** Opening Data shown block **
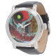 Elevate your style with this Black Vintage Leather Watch featuring Frequency Serpent. A serpentine red structure curves vertically across the dial, marked by circular elements resembling vibrational cores, while horizontal bands of blue, green, and white flow in the background like waves of data. The interplay of intense colors and curved forms creates dynamic tension, transforming this classic leather watch into a wearable canvas of digital abstract art. Perfect for everyday wear, gifting, or as a statement accessory.
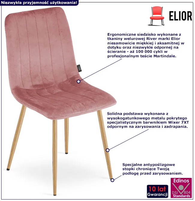 Infografika zestawu 4 sztuk różowych krzeseł do jadalni Hallker 3X
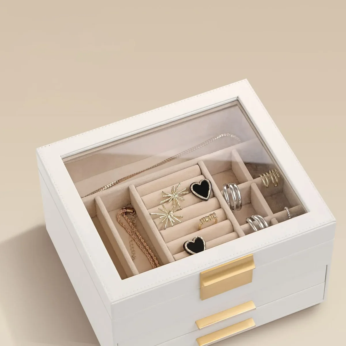 | Organisation dédiée aux boucles d’oreilles | Chaque paire reste à sa place : fin du désordre, plus de bijoux mélangés ou perdus. |
** Closing Data shown block **
Requirement:
All of the lines above should be retyped precisely, apart from the pictures.

Exercise result:
 Elevate your style with this Black Vintage Leather Watch featuring Frequency Serpent. A serpentine red structure curves vertically across the dial, marked by circular elements resembling vibrational cores, while horizontal bands of blue, green, and white flow in the background like waves of data. The interplay of intense colors and curved forms creates dynamic tension, transforming this classic leather watch into a wearable canvas of digital abstract art. Perfect for everyday wear, gifting, or as a statement accessory.
 Infografika zestawu 4 sztuk różowych krzeseł do jadalni Hallker 3X
 | Organisation dédiée aux boucles d’oreilles | Chaque paire reste à sa place : fin du désordre, plus de bijoux mélangés ou perdus. |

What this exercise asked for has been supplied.